A capacity crowd of students gathered for a talk titled “High Concept, Low Art: Cartoonists Larry Gonick and Randall Munroe in Conversation about Life, the Universe and Nothing” on Monday night in Taylor Auditorium in Frick Chemistry Laboratory. Due to the large crowd, two overflow rooms were set up in Jadwin Hall that streamed a simulcast of the lecture.
Gonick, most known for his series “The Cartoon History of the Universe,” specializes in cartoons that convey concepts from math and science. Munroe is the creator of “xkcd,” a popular webcomic.
Gonick spoke first, walking through a series of panels from a number of his books, ranging from a humorous explanation of the evolution of sexual reproduction to a pictorial explanation of the chain rule featured in a cartoon guide to calculus.
“I am a content purveyor,” he said. “I’m a nonfiction person ... I know it’s a low art, but I’m interested in big ideas.”
Later, he noted the risk of such an approach. “I live in fear of some academic looking at how our information is conveyed in comics discovering that it’s actually bad for you,” he explained.
Munroe followed, providing commentary for a number of his sketches. His presented work covered a wide breadth of topics, from a chart of characters’ geographical positions in “The Lord of the Rings” to a graph that charted “usable orifices” against “penis size.” He said that he felt that his audience thinks he knows more than he does.
“I get to pick and choose the little bits that I know something about and do a comic about those,” he explained. “People tend to read those and assume that I know all about their field.”
“If I make any kind of mistake, I will probably find out about it from the inventor of the field,” he added, relating a story in which software freedom activist Richard Stallman emailed him complaining about an inaccurate portrayal of him in a comic.
He also said he enjoyed watching his audience play with the ideas he presents, showing an online animation someone did of one of his comics.
“I’ll have an idea like this, and then people will take it and run with it,” he said.
In the question-and-answer session that followed, the artists discussed their influences and techniques. While discussing how to convey emotion in stick figures through the curvature of lines, Gonick spoke about the central question he faces as an artist. “It’s a question of how much you abstract and how much you leave in,” he explained.

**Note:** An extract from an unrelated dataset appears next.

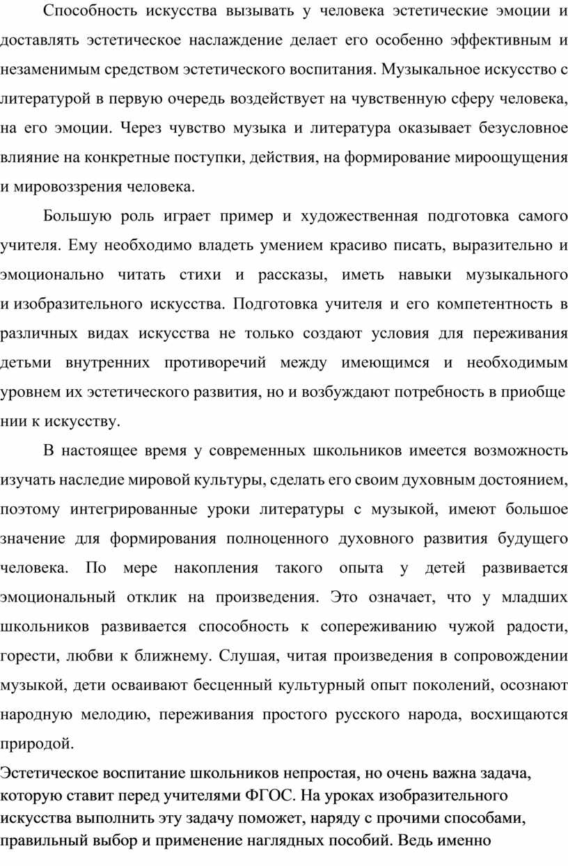 В настоящее время у современных школьников имеется возможность изучать наследие мировой культуры, сделать его своим духовным достоянием, поэтому интегрированные уроки литературы с музыкой, имеют большое значение для формирования полноценного духовного развития будущего человека. По мере накопления такого опыта у детей развивается эмоциональный отклик на произведения. Это означает, что у младших школьников развивается способность к сопереживанию чужой радости, горести, любви к ближнему. Слушая, читая произведения в сопровождении музыкой, дети осваивают бесценный культурный опыт поколений, осознают народную мелодию, переживания простого русского народа, восхищаются природой.

Despite the crowd’s animated response to the speakers’ jokes and drawings, student responses were mixed.
“I enjoyed it thoroughly,” John McSpedon ’14 said. “It was interesting to get the perspective of someone who is syndicated, from that medium,” he said about Gonick.
However, Max Rubin ’14 noted that “xkcd” seemed to be the main draw for most attendees. “It was fun, it was interesting, but to me it seemed that most of the people were there to see Randall,” he explained. “I’ve never seen so many people in one place just looking at ‘xkcd.’ ”
Yet, he added, “I didn’t get a real feel for what the whole background purpose of this was.”